На центральную усадьбу совхоза наш "эшелон" прибыл благополучно. Разумеется, началась обычная чехарда по размещению и расселению. Но поскольку это было только Начало, никто особенно не томился и не страдал. Проскакивали шуточки на разные лады, в основном пытались обыгрывать странное местное название. Надо же так умудриться - "Чулки"! В пересмешках, однако, далеко не заходили, всего лишь "Носки", "Портки", "Портянки", "Лапти" и не более.
Конечно, пока суд да дело, порыскали мы в пределах возможного по ближайшим закоулкам. Я по стройотрядовской привычке утащил два десятка крупных гвоздей. Там поблизости сколачивали деревянные сортиры (как выяснилось, не для нас) и стоял бесхозный ящик с этими самыми "гвоздиками".

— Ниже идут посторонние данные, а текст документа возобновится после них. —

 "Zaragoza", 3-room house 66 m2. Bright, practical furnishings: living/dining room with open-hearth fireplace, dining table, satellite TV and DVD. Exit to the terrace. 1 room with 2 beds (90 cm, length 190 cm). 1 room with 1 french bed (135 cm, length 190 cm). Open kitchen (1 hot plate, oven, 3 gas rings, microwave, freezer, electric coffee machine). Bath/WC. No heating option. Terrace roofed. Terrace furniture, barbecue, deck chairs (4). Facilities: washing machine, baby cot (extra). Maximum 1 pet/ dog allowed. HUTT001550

В ход раздобытые гвозди пошли быстро, в тот же вечер в нашей десятой комнате. Кровати и постели нам, разумеется, выделили, а вот с вешалками и тумбочками было откровенно никак. Таким вот манером пролет стены справа от двери украсил длинный ряд наколоченных гвоздей. На них мы развешивали всю амуницию.

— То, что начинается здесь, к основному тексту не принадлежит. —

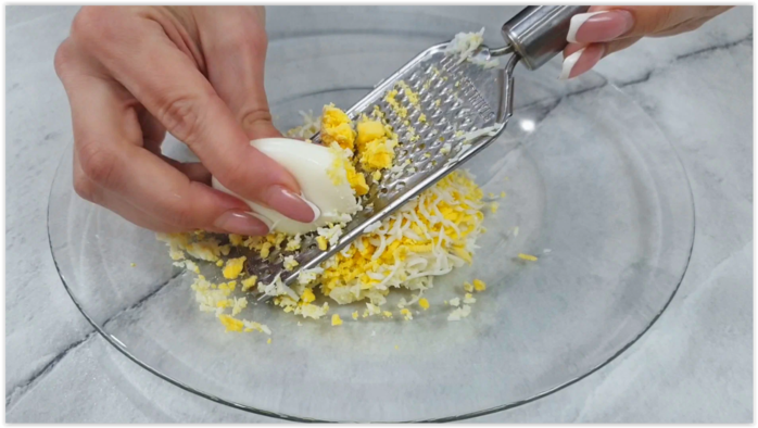 Берем 4 филе селедки и выкладываем на доску, застеленную пищевой пленкой. Накрываем сверху еще одной пищевой пленкой и слегка отбиваем.
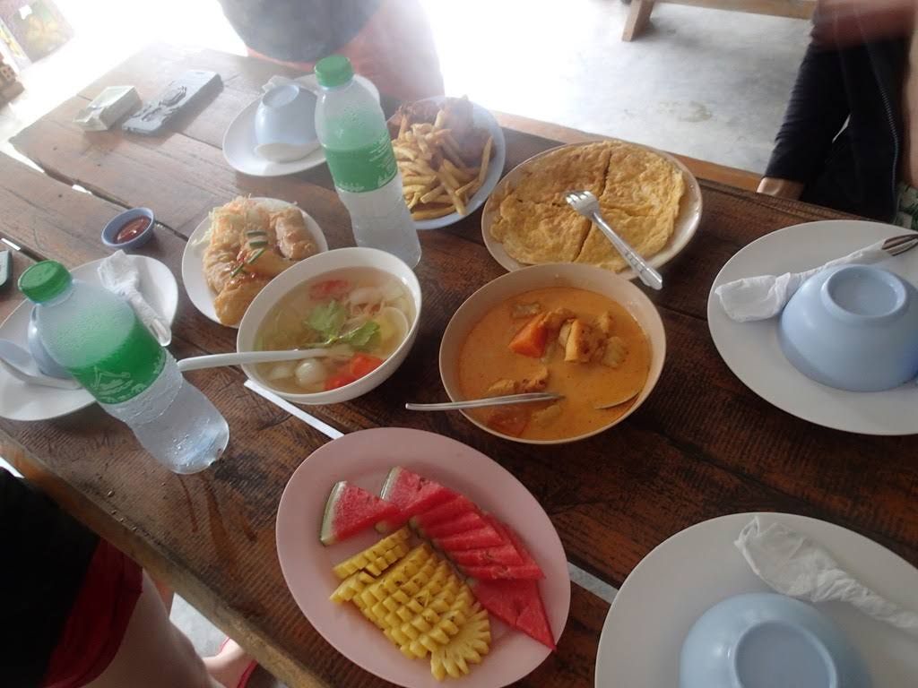 さらにそこから車を走らせてラフティングのキャンプ場に行きました。到着後、着替えてラフティング乗り場までトゥクトゥクで移動しました。ラフティングはボートを漕いでくれる係りの人がいますが、そもそも川にボートを一度に流し込みすぎて、ボートが渋滞していたため、スリリングは少なく、ボートとボートの押し合いでした。ラフティング後の昼食はローカルな味がして、美味でした。その後は山奥の滝に連れて行ってもらい、秘境な感じがとてもよかったです。ジャングルの中を探検しているようで、非日常感を味わえました。

И еще один гвоздь был использован особо. Его согнули буквой "П" и пристроили в готовые скобочки на место утраченного либо кем-то снятого крючка. Так он и служил нам верой и правдой вместо замка до последнего дня, до памятного вторжения майора Захарова.
В общем, конечно, в первый же день всё было налажено. За исключением деликатного вопроса с уличными отхожими местами, коих было три обособленных сооружения. Знаменитые буковки "М" и "Ж" организаторы несколько раз перевешивали с места на место, и на первых порах случались глупые накладки. Но и тут всё быстро пришло в норму.
Первая неделя сентября выдалась курортная. Днем стояла такая жара, что в поле работали в купальниках, а вечерами купались. Речку Осетр переплывали туда и обратно - и ни капельки не мерзли. Соответственно было и настроение.
К нашим баракам прилегала полоса яблоневого сада. За ней - накатанная колесами дорога и еще одна такая же полоса
В первый же день огласили правило: "До проезда ешьте, что хотите, дальше не лезьте". Но, как можно догадаться - там, где разрешено, взять было нечего. То ли загодя убрали, что вообще-то сомнительно, не до яблок полудиких было совхозу, то ли кто-то жил в этих бараках до нас и всё общипал. В общем, захочешь яблочка - переступай запретную границу. А она охранялась. По первым дням за яблонями доглядывали какая-то бабка и громко, во весь голос, обличала злоумышленников "шакалами".
Но яблоки в эти погожие теплые вечера никого всерьез не интересовали. (Скажем лучше, их время еще не наступило). Сад был хорош, как место прогулок и посиделок. Еще не оскудели привезенные запасы, было что прихватить с собой. И вот, в ранних сумерках, тихие компании устраивались где-нибудь в сторонке под уютными яблонями.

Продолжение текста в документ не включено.